Проблем с документами тоже не было. Кто без греха? И в ментовской всегда не трудно отыскать крюка, который за долю малую забьет в компьютер хоть броневичок ленинский вместе с чапаевской тачанкой.

Бог миловал, бизнес процветал, и, если бы не лоханувшиеся мудаки-угонщики да Зойка, сука, жизнь вообще была бы прекрасна и замечательна.

— Что-то не пойму я, солнце мое, к чему это ты клонишь, — широко зевнув, Ведерников прищурился и почесал потную грудь, — денег, что ли, надо на аборт? Так это мы вмиг организуем, по высшему разряду, как скомандуешь. — И сделал при этом такую безмятежную рожу, что Зоечка убедилась окончательно: полный козел, не врубается, дубина, к чему вообще весь этот разговор затеян.
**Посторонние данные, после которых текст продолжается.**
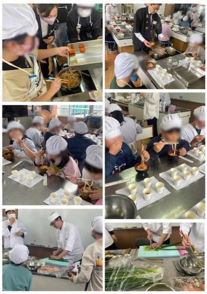 最後にうどん出汁もとって、おうどん、にんじん、お芋、ネギを入れて、「美々卯」のとってもおいしいおうどんをいただきました。「おいしい、おいしい」と、子どもたちはみんなたくさんいただきました。
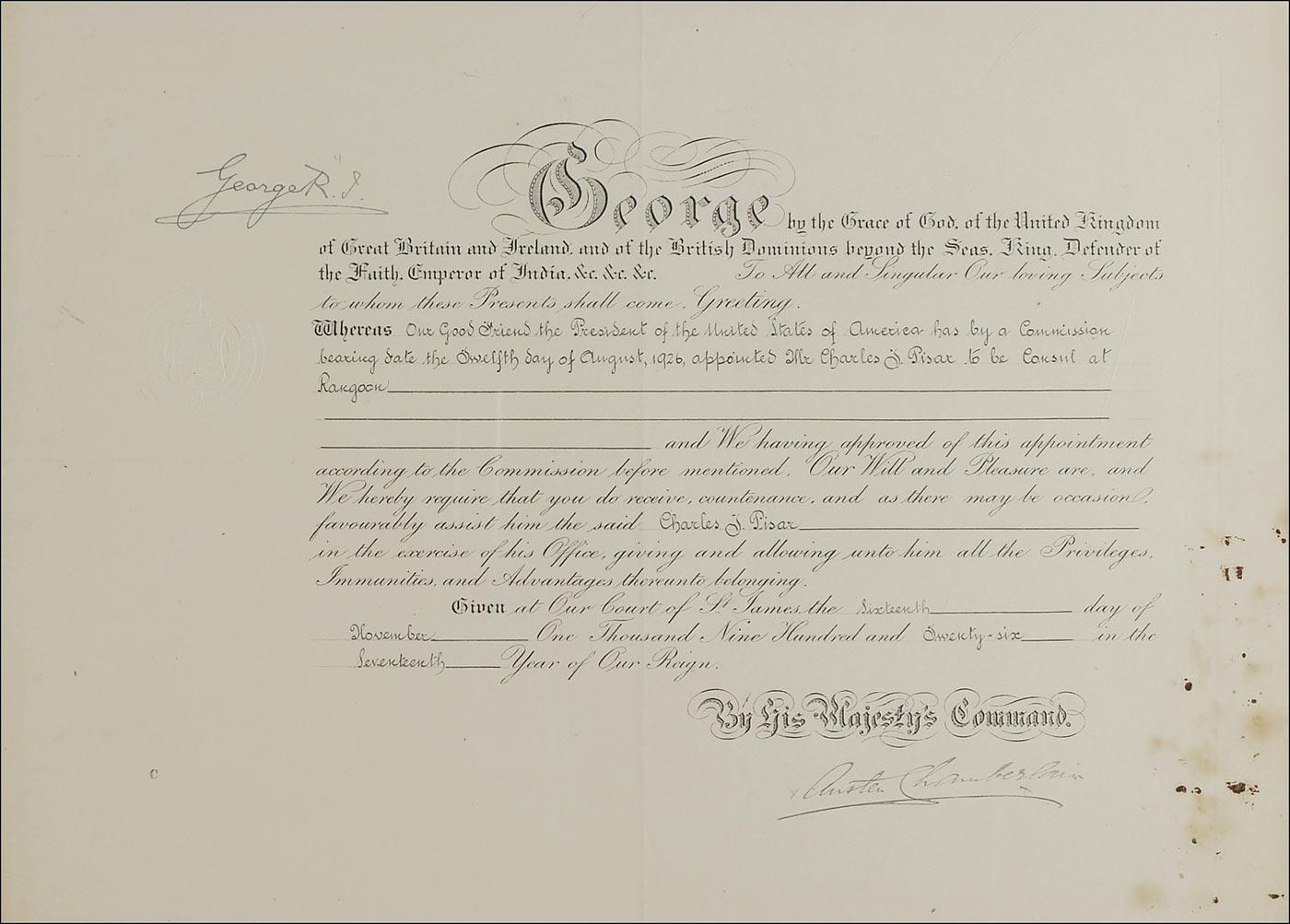 King of Great Britain and Northern Ireland (1865–1936) who reigned from 1910 until his death. Partly-printed DS, signed “George R. I.,” one page, 18.25 x 13.25, November 16, 1926. George approves the appointment by “our good friend the President of the United States of America has be a Commission bearing date the Twelfth day of August, 1926, appointed Mr. Charles J. Pisar to be Consul at Rangoon…We having approved this appointment.” Signed in the top left by George. Central vertical and horizontal fold, some mild toning, and some heavier toning and foxing to lower right, otherwise fine condition.

Ну и ладно, мир был бы скучен без дураков, особенно без дураков с капустой.

— Я ведь, Андрюша, — она тяжело вздохнула и вальяжно уселась на велюровую ручку кресла, — не аборт буду делать, а организационные выводы. У меня зреет, понимаешь, под сердцем плод нашей любви, а ты, — Зоечка вдруг вскочила и с видом поруганной добродетели глянула Андрею Петровичу в лицо, — своей изменой разбередил мне душу, и теперь она нуждается в компенсации. Немедленной! — Она на миг замолчала и мечтательно возвела глаза к потолку. — Ну, скажем, тысяч пятьдесят зеленых, согласись, разбитая вера в мужскую порядочность стоит этого. А иначе я больше покрывать тебя не стану и расскажу кое-где о художествах на Зеленогорском шоссе.

Все же зря она держала Ведерникова за недалекого увальня с сорок восьмым размером косолапых. Может, он внешне и напоминал Михаилу Потапыча, но в денежных вопросах был хитер, как рыжехвостая разбойница Патрикеевна, и за свое держался волчьей хваткой.

— Да ты чего, Зоя! — Андрей Петрович испуганно округлил глаза и даже сразу сделался меньше ростом. — Я не хотел душу-то твою…. И потом, такие бабки мне и не снились, мамой-покойницей клянусь.

В свое время он сам занимался рэкетом и в процедуре вымогательства кое-чего понимал, а потому, уже все для себя решив, просто выгадывал время.

— Ну ты и моромой!

Неопытная в таких делах Зоечка начала сбавлять цену, Андрей Петрович бешено торговался, и наконец стороны пришли к консенсусу — тридцатку через пару дней.

— На третий за тобой приедут менты. — Вымогательница посмотрелась в зеркало и, поправив прическу, начала прощаться: — Я тебе позвоню. И слушай, купи себе средство какое-нибудь от преждевременной эякуляции, а то корова твоя быстренько поменяет стойло. — Она скривилась презрительно и — топ-топ-топ каблучками по паркету — отчалила.

Напрасно она про ведерниковское семяизвержение сказала, совершенно зря. «Ну, сука, я твой язык в жопу засуну!» Желавший за секунду до этого просто решить вопрос, Андрей Петрович рассвирепел и более в выборе средств не сомневался: на войне как на войне. Вот уж истинно, от любви до ненависти всего один шаг.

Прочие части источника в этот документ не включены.